» **Dataset section**
========================

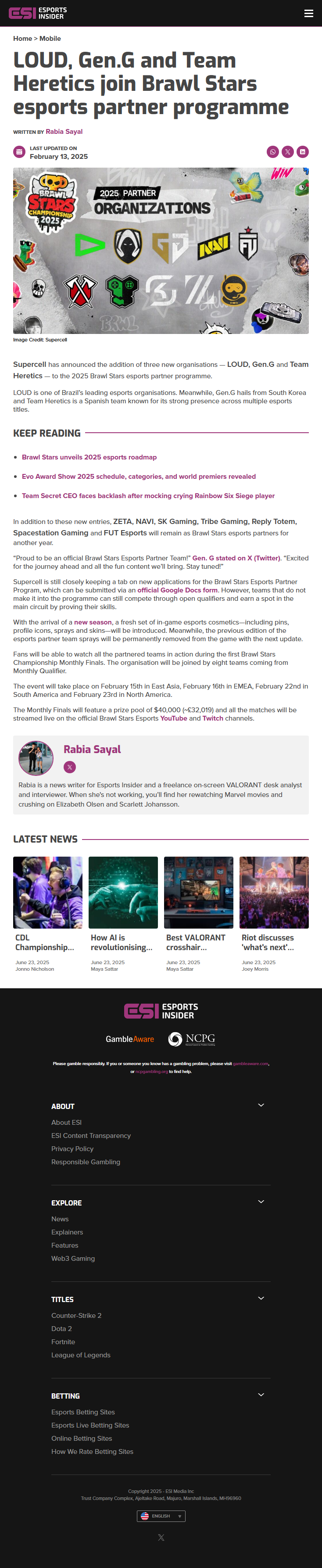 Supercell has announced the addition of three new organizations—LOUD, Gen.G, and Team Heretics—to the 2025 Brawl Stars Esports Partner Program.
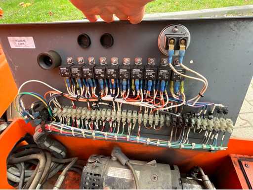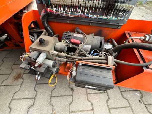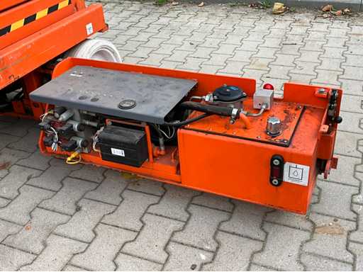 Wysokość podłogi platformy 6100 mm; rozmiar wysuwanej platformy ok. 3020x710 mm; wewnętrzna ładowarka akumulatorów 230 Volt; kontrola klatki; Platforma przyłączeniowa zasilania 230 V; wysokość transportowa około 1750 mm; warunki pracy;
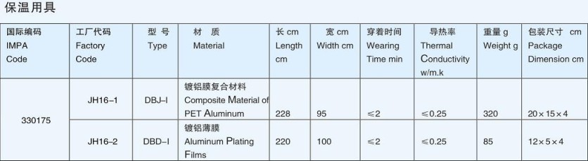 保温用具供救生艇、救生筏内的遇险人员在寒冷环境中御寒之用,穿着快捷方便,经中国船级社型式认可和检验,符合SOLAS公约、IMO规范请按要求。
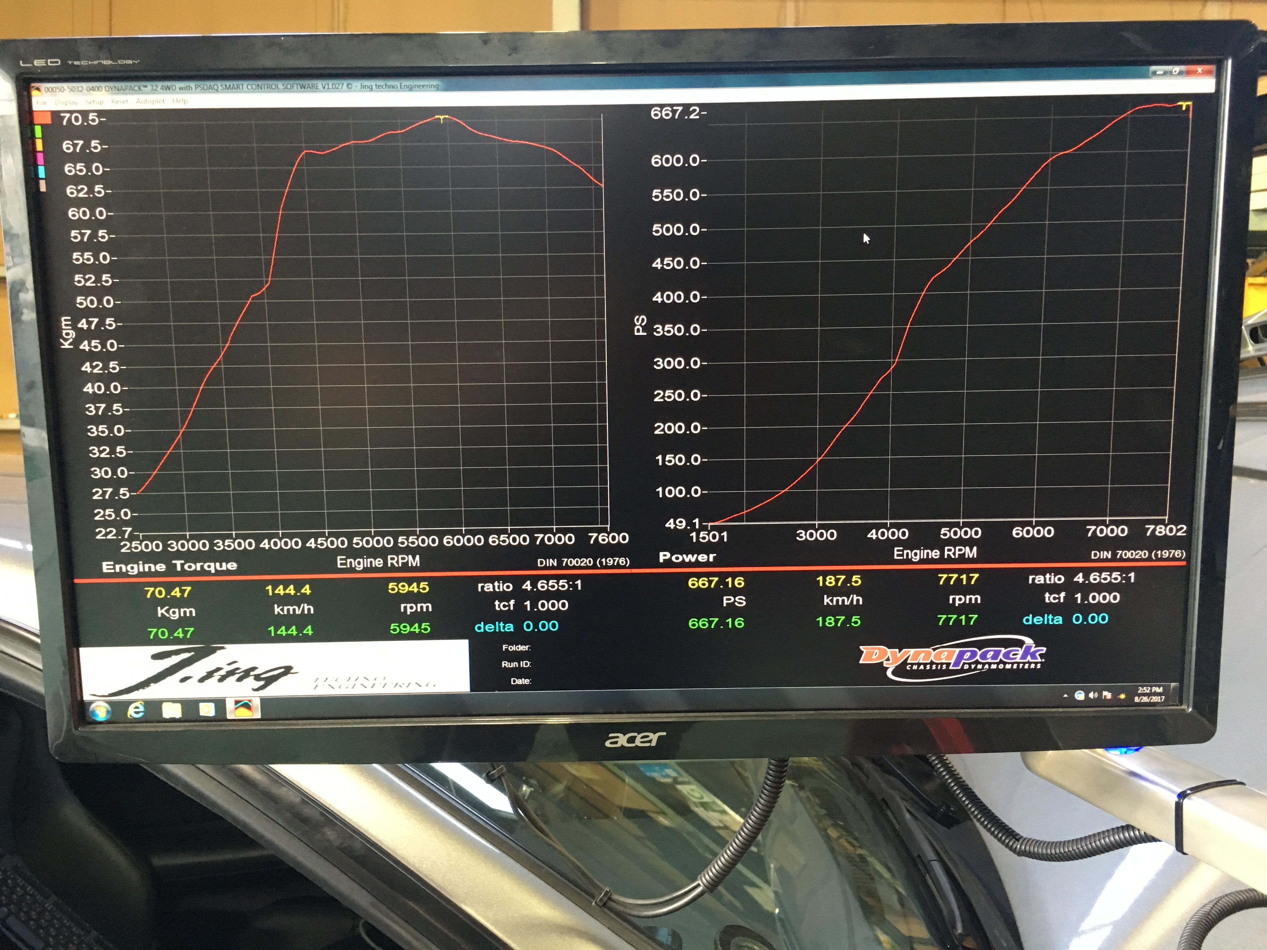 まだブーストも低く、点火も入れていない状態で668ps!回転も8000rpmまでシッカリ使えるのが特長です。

========================

» **Task prompt**
Exactly as written, restate the listing above with its pictures omitted.

» **Result**
 Supercell has announced the addition of three new organizations—LOUD, Gen.G, and Team Heretics—to the 2025 Brawl Stars Esports Partner Program.
 Wysokość podłogi platformy 6100 mm; rozmiar wysuwanej platformy ok. 3020x710 mm; wewnętrzna ładowarka akumulatorów 230 Volt; kontrola klatki; Platforma przyłączeniowa zasilania 230 V; wysokość transportowa około 1750 mm; warunki pracy;
 保温用具供救生艇、救生筏内的遇险人员在寒冷环境中御寒之用,穿着快捷方便,经中国船级社型式认可和检验,符合SOLAS公约、IMO规范请按要求。
 まだブーストも低く、点火も入れていない状態で668ps!回転も8000rpmまでシッカリ使えるのが特長です。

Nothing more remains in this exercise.